Published in Neuropsychologia. 2010, vol. 48, no. 4, p. 1144-1159
Abstract We studied error monitoring in a human patient with unique implantation of depth electrodes in both the left dorsal cingulate gyrus and medial temporal lobe prior to surgery. The patient performed a speeded go/nogo task and made a substantial number of commission errors (false alarms). As predicted, intracranial Local Field Potentials (iLFPs) in dorsal anterior cingulate indexed the detection of errors, showing an early differential activity around motor execution for false alarms, relative to correct responses (either hits or correct inhibitions).
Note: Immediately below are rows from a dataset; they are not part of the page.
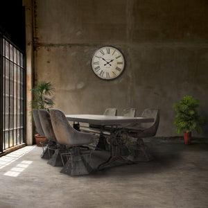 Inspired by the deep and iconic history of the ironclad ships, Rustic Deco is proud to offer this exclusive industrial dining chair, the Casemate Ironclad. With its stately iron finish, the all-metal base is handsomely constructed from high-gauge steel and cast iron and accented with domed rivets. Priced and sold in pairs.
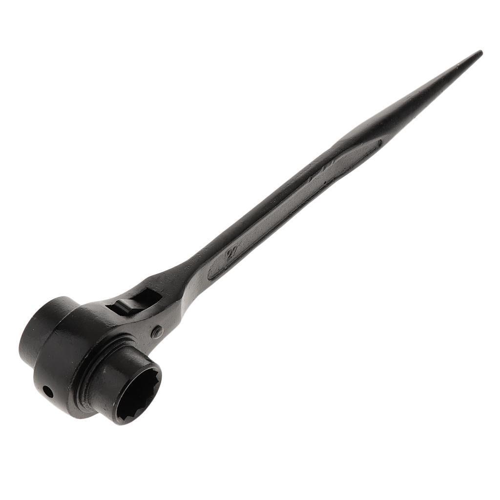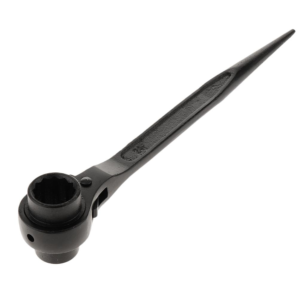 Double sized hexagon spanner with ratchet mechanism, ideal for scaffolding and construction
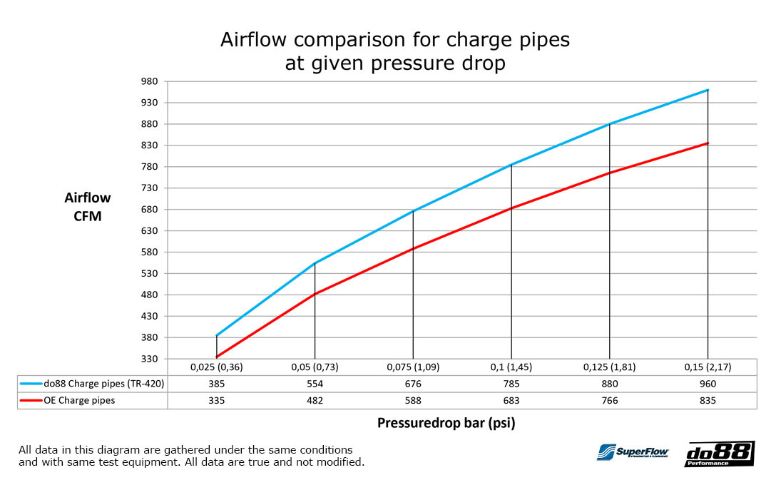- Achieves a flow of 960 CFM @ 150mbar (2.17psi), significantly outperforming the OEM's 835 CFM.
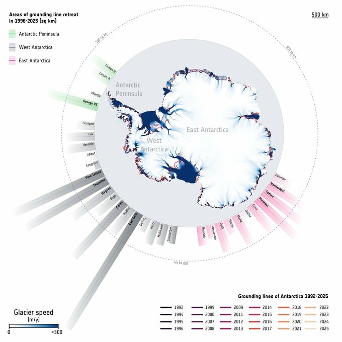 最も大規模な後退は大陸の「西南極(グレーの帯)」側に集中しているほか、南極半島(緑色)や東南極(ピンク色)の海岸沿いでも大幅な後退が確認できます。
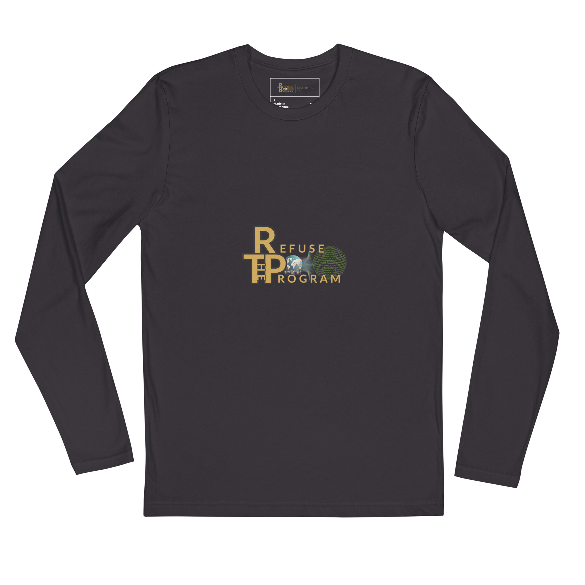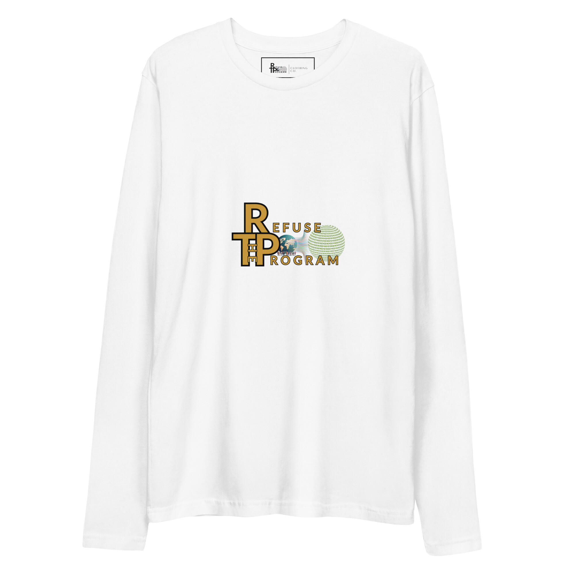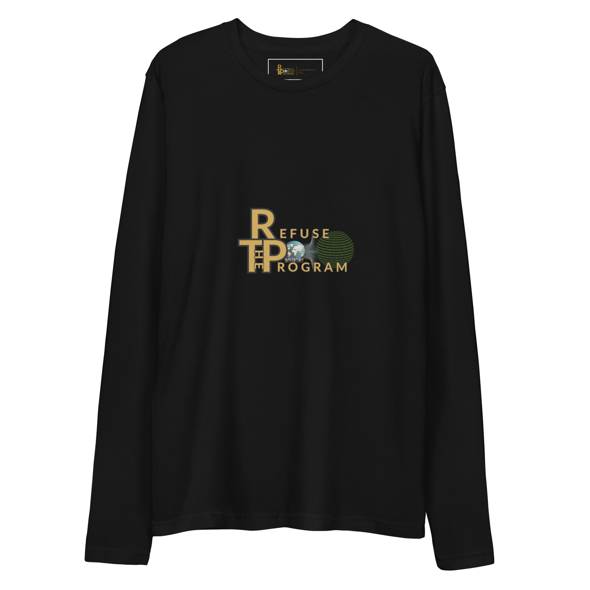 • Refuse the Program Logo Premium Cotton Long Sleeve Fitted Crew Neck Shirt for Men
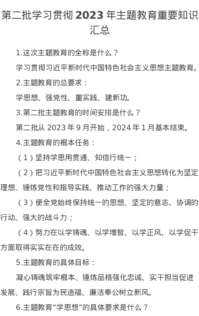第二批学习贯彻2023年主题教育重要知识汇总(特色社会主义思想)
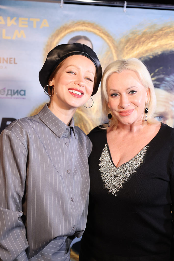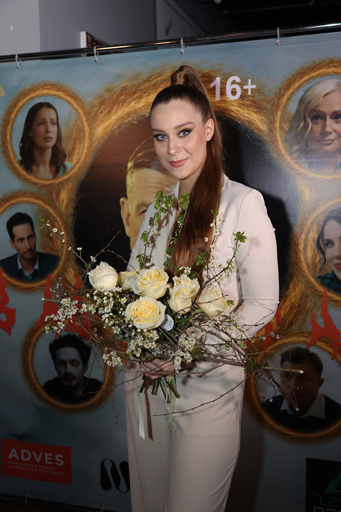 Продюсер и актриса Екатерина Мадалинская представила актеров фильма со сцены. На сцене актрисам были вручены букеты из белых роз и подарки от партнеров фильма.
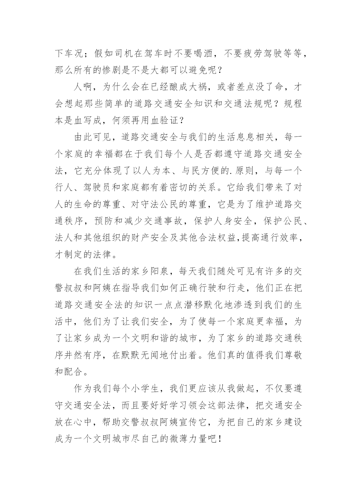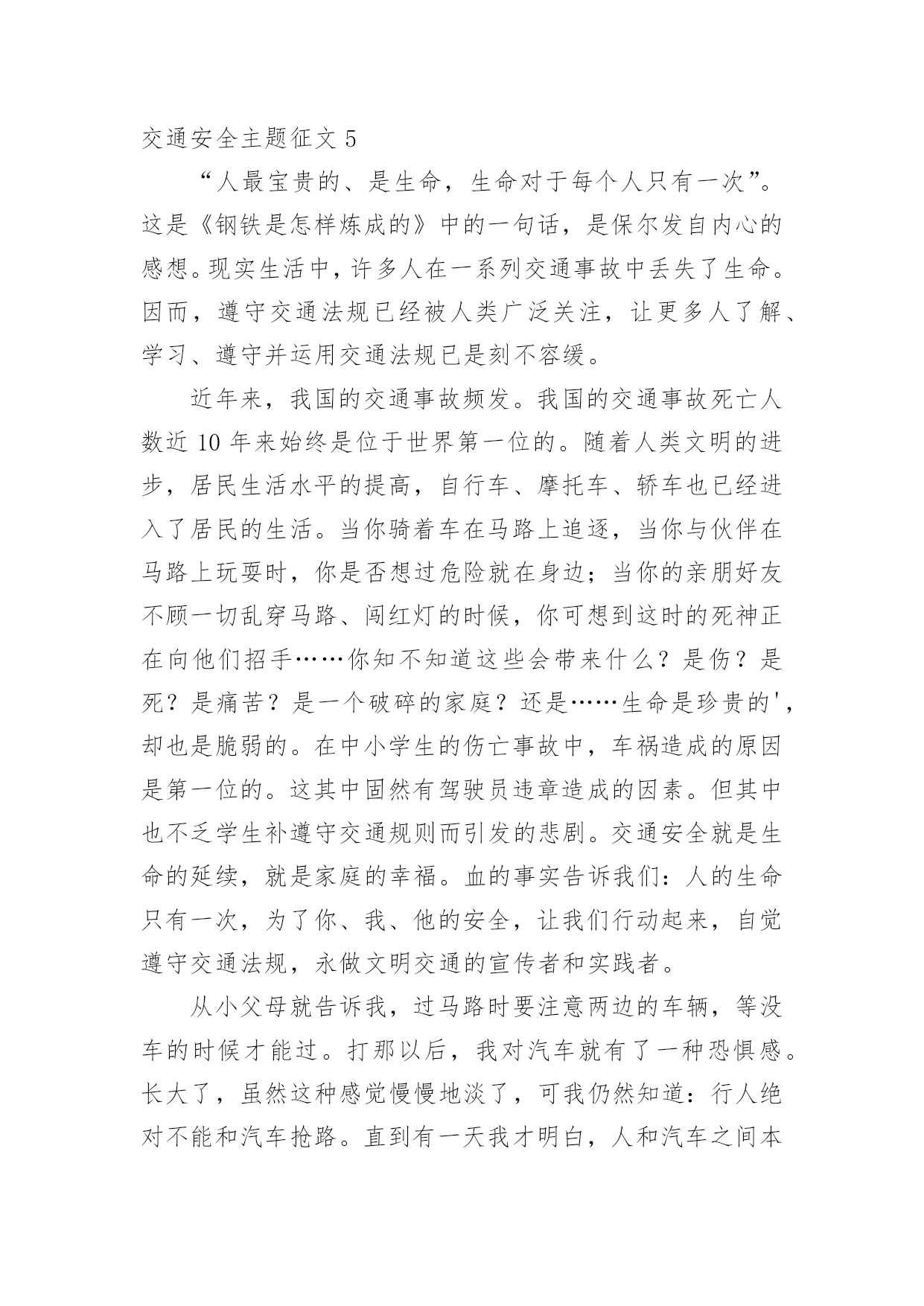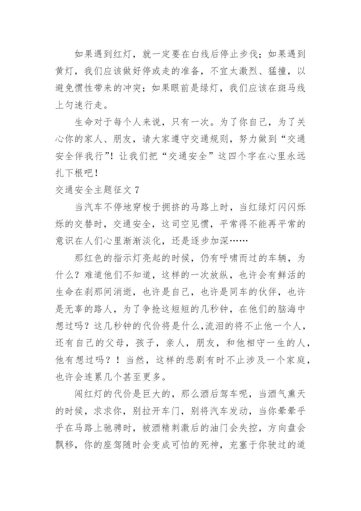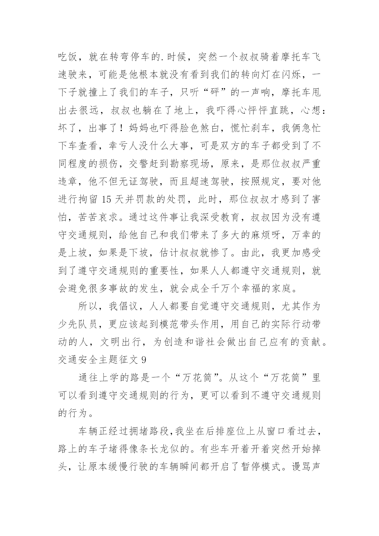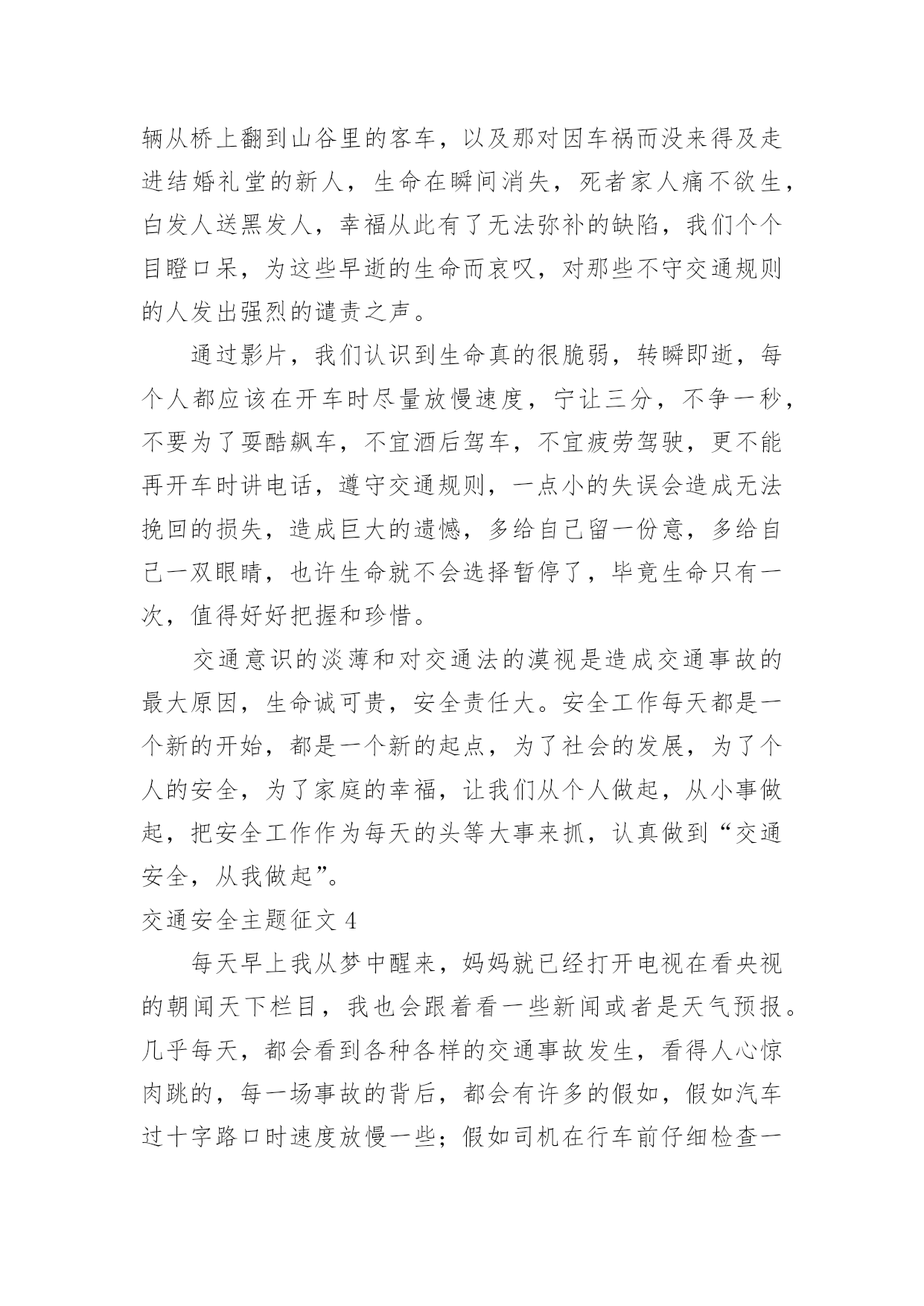 交通安全主题征文交通安全主题征文在学习、工作或生活中,大家或多或少都会接触过征文吧,征文具有标题醒目,让人一目了然的特点。你所见过的征文是什么样的呢?以下是小编为大家整理的交通安全主题征文,希望能够帮助到大家。交通安全主题征文120xx年的一天早晨,我从睡梦中醒来。啊,明媚的阳光照亮了我的床铺,又是一个好天气。今天,我要到800公里外的公司参加一个重要会议,可不能迟到。吃过早饭,我穿戴整齐,走出家门,挥一挥手,一辆飞行汽车就降落在我家门前。这辆飞行汽车有着绿色的车身,宽阔的车门,明亮的车灯,最特别的,是它的顶上有一个大大的螺旋桨。这辆车是最先进的声控无人驾驶机车,安装了语音识别系统,我舒舒服服地坐下来,轻轻说了一声:“启动飞行模式,开往公司”,话音刚落,螺旋桨轰鸣起来,汽车滑翔了一段,“呜――呜――呜――”飞上了蓝天。哇,周围都是大大小小各式各样的.飞行汽车,今天的空中大道可真拥挤呀。眼看着“天路”上的车越来越多,前方似乎发生了堵车,这可怎么办?我探出头往底下一看,哈,陆路上倒是不挤,我灵机一动,对着汽车上的麦克风说:“启动陆地模式!”飞行汽车听话地缓缓下降,不一会儿,已经平稳地行驶在公路上了。我刚刚松了一口气,“唰――”什么东西正朝着我的汽车飞来,危险!飞行汽车上的识别系统发出了警报,自动驾驶仪立即驾驶汽车来了个紧急大转弯,“呼――”一个苹果核擦着车身窜了过去,钻进了路边的草丛里。有惊无险,我前后左右看看,前面那辆车里又扔出了什么,刚才那个果核一定也是他们扔出来的。我立即打开无线对讲系统:“前车请注意,请教育好您的小孩,请勿车窗抛物!”汽车在公路上飞驰,不一会儿,公司到了。我下了车,挥挥手,汽车自动驶向车库。我边走边想,虽然现在的交通工具和设施都非常先进,但是人们的交通安全意识还是要进一步提高呀。交通安全主题征文2说道交通安全的重要性,大家都会说知道,可是为什么还是会有那么多的交通事故呢?有很多交通事故是行人自己造成的,主要是行人不注意交通安全。有的是闯红灯或横穿马路造成的,有句话说的好"红灯无数次,生命只一次",红灯会闪烁无数次的,而生命只有一次,结束了就没有下一次了,我们绝对不可以冒险过马路,哪怕两边没有车,红灯亮时也绝对不能穿过马路。有的是在马路上打闹、玩耍造成的,放学后几个同学在一起走,说说笑笑,时而甩掉别人的东西,扔到马路对面,那个同学便到马路对面去拣,由于着急,也顾不上环视四周的车辆就跑,那后果可不堪设想。因此,同学们千万不要在马路上打闹,这样太危险。也有的是行人翻越护栏造成的,请大家不要怕麻烦绕过护栏。其当然,并不是所有的.交通事故都是行人造成。有的是因为司机野蛮驾驶造成的,比如说新闻上播放的青岛的一位女司机野蛮驾驶,在酒店吃完饭后,因为一件小事与保安发生争吵,随后把一名保安撞伤后,又驾车把一对新婚夫妻撞死。只是因为与保安发生争吵,也不至于为了自己解气把一对无辜的新婚夫妻撞死。不管怎样,在生气的时候应该理智一些,这么疯狂的作法一定会受到法律的严惩。交通安全可真重要。有的是因为司机酒后驾车,因神志不清导致交通事故,希望开车的叔叔阿姨们,酒后一定不要逞能,要坐公交车或出租车回家,避免交通事故给您带来麻烦。交通安全就是要靠大家共同的努力来做到的,让安全、快乐与我们同在,交通事故远离我们。交通安全主题征文3班主任利用周二班会课时间,组织我们观看了一系列关于交通安全的影片。虽然学校平时对我们关于安全教育进行多次强调,但我们还停留在对交通安全事故的字面认识上,此次通过观看影片,事故现场的一幕幕骇人镜头给我们带来了视觉上的冲突和认识上的震撼。汽车是现代城市里的一道独特的风景线,它代表着文明与繁荣,可是却也象征着痛苦与死亡。看着影片中闯红灯的'少年和年仅10岁的小男孩,因超速来不及刹车的火车和那辆从桥上翻到山谷里的客车,以及那对因车祸而没来得及走进结婚礼堂的新人,生命在瞬间消失,死者家人痛不欲生,白发人送黑发人,幸福从此有了无法弥补的缺陷,我们个个目瞪口呆,为这些早逝的生命而哀叹,对那些不守交通规则的人发出强烈的谴责之声。通过影片,我们认识到生命真的很脆弱,转瞬即逝,每个人都应该在开车时尽量放慢速度,宁让三分,不争一秒,不要为了耍酷飙车,不宜酒后驾车,不宜疲劳驾驶,更不能再开车时讲电话,遵守交通规则,一点小的失误会造成无法挽回的损失,造成巨大的遗憾,多给自己留一份意,多给自己一双眼睛,也许生命就不会选择暂停了,毕竟生命只有一次,值得好好把握和珍惜。交通意识的淡薄和对交通法的漠视是造成交通事故的最大原因,生命诚可贵,安全责任大。安全工作每天都是一个新的开始,都是一个新的起点,为了社会的发展,为了个人的安全,为了家庭的幸福,让我们从个人做起,从小事做起,把安全工作作为每天的头等大事来抓,认真做到“交通安全,从我做起”。交通安全
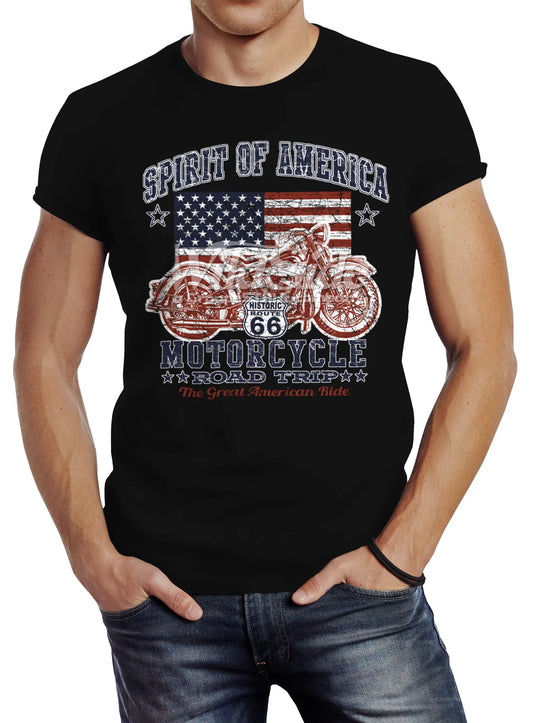 Herren T-Shirt Biker Shirt Amerika Flagge Motorrad Motorbike Slim Fit Neverless®
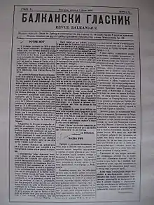 In the program of the new capital newspaper "Balkan" (5 April-4 May 1903) is written: "It will protect the autonomy of Macedonia for the Macedonians and the independence of the Balkans for the Balkan people". The twelve issues were edited by A. S. Vasilev and Stefan Dedov (Yakimov). They provide information about the Turkish violence in Macedonia, the Serbian and Greek propaganda carried out there. The newspaper is printed by B. Zilber, Iv. K. Bozhinov and Yanko S. Kovatchev.
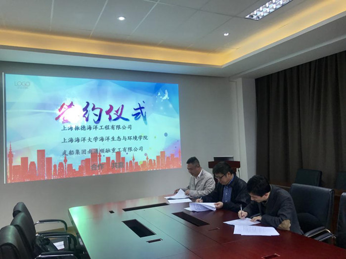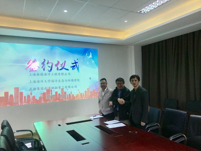 近日,武船集團南通順融重工在上海海洋大學科技園與上海振德海洋工程有限公司、上海海洋大學海洋生態與環境學院簽訂了“經濟型漁場項目”戰略合作協議。“經濟型漁場項目”是南通順融公司立足自身的實力和資源,落實第一屆第三次董事會精神的具體體現,是今年重點開發的經營項目,為南通順融重工順利轉型升級和持續健康發展提供了良好的載體。
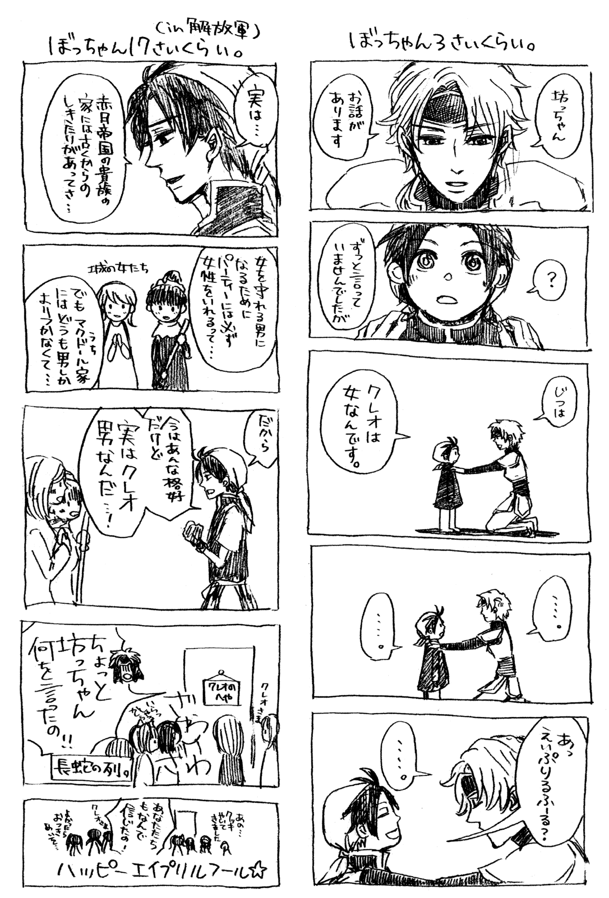 紡時プレイ直後の落書きたちと、エイプリルフールネタな幻水1漫画でした。

More surprisingly, we found that the left amygdala also participated to error monitoring (although no emotional stimuli were used), but with a very different neurophysiological profile as compared with the dorsal cingulate cortex. Amygdala iLFPs showed a precise and reproducible temporal unfolding, characterized by an early monophasic response for correct hits around motor execution, which was delayed by approximately 300ms for errors (even though actual RTs were almost identical in these two conditions). Moreover, time-frequency analyses demonstrated a reliable and transient coupling in the theta band around motor execution between these two distant regions. Additional fMRI investigation in the same patient confirmed a differential involvement of the dorsal cingulate cortex vs. amygdala in error monitoring during this go/nogo task. Finally, these intracranial results for the left amygdala were replicated in a second patient with intracranial electrodes in the right amygdala. Altogether, these results suggest that the amygdala may register the motivational significance of motor actions on a trial-by-trial basis, while the dorsal anterior cingulate cortex may provide signals concerning failures of cognitive control and behavioral adjustment. More generally, these data shed new light on neural mechanisms underlying self-monitoring by showing that even "simple" motor actions recruit not only executive cognitive processes (in dorsal cingulate) but also affective processes (in amygdala).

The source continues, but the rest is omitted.